While COVID-19 has drastically reduced our use of cash, rumours of its death are greatly exaggerated – at least for now. While the number of cash machines has been reducing, there are still over 60,000 ATMs in the UK and according to Link, a total of £81bn was withdrawn from them in 2020. Every one of these transactions is a possible doorway to a data breach. So, while digital currencies and payments seem to dominate the fintech news, the banking and finance sector can’t afford to neglect the risks posed by physical ATM security.

ATM threats

One leading bank in Thailand with 5,000 ATMs was reporting profit declines due to persistent losses from its ATM network as a result of both insider and external attacks. The dispersed nature of ATM networks makes them prone to internal attacks from maintenance and admin staff who may be susceptible to bribes to provide access to data. This is all too easy to do as ATM upkeep entails manual processing and multiple touchpoints. Staff and third parties could easily conceal unauthorised access and plug in external media hard drives with minimal risk of being caught – and the crime would only be spotted long after the incident had taken place.

The bank was also falling victim to persistent and sophisticated external threats from spoofed card infections via malware. This occurred because their legacy hardware did not have adequate application control to prevent malicious attacks.

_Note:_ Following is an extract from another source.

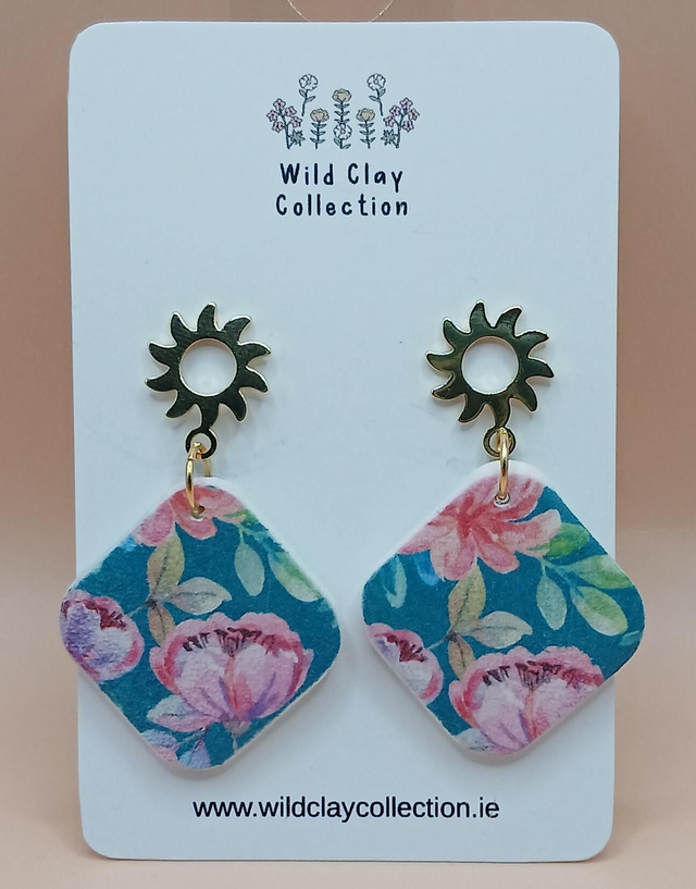 Marianne calls the Sun, a beautiful pink and green floral piece. Made from polymer clay with a gold plated stainless steel sun style earring top.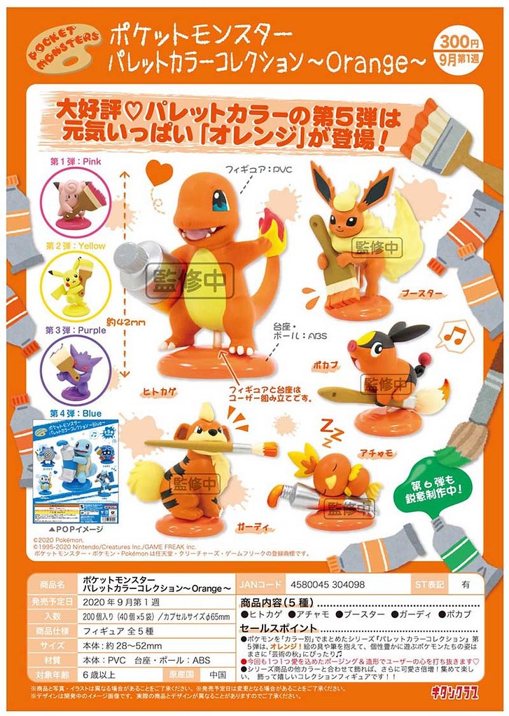 日本奇譚俱樂部公司(株式会社奇譚クラブ),以人氣動畫《精靈寶可夢》為題材發行的「調色板顏色收集」系列,繼好評的粉紅色與黃色、紫色與藍色後,又將推出第五彈續作:「《精靈寶可夢》調色盤顏色收集 ~橘色~」轉蛋作品(パレットカラーコレクション~ORANGE~),一共五種款式,一轉參考售價為 300 日圓,原訂將於 2020 年 9 月發售(目前因疫情影響而延後推出)

On the face of it, ATMs seem like simple machines to interface and conduct transactions. However, physical ATMs also act as a portal to the wider network and a spoofed card can easily cause an ATM to lose connection with the central server, allowing it, or other machines on the same network to be taken over - without triggering any alerts or logs. In the absence of application control, ATMs can be emptied of their content without the bank being able to detect the threat and block the action.

ATMs in an online world

The problem is that physical ATM systems were built for a different era. Not only have customer behaviours changed, but the threat landscape has also evolved. Like many financial institutions, the bank in Thailand looking to protect its ATM network realised that it was time for a new approach – to focus on protecting the data itself, while adding comprehensive application control to block unauthorised processes. Making sure that all data is encrypted at the file level means that any information stolen by an insider or through external attack is rendered useless to the thieves.

The second part of the solution for protecting physically dispersed and complex systems like ATM networks is AI-powered application control. This provides 100% malware protection by simply blocking anything from running that is not on a personalised ‘allow list’ from a central management server. Any process that is not on the authorised list is denied by default and flagged to administrators with recommended actions. This approach blocks first and then asks questions later for guidance, when needed.

While cash remains ‘king’ for many of us, banks will still have to operate and secure their networks of ATMs so that ‘jackpot’ malware cannot be used to empty machines, and so data within ATMs and their networks is protected from theft.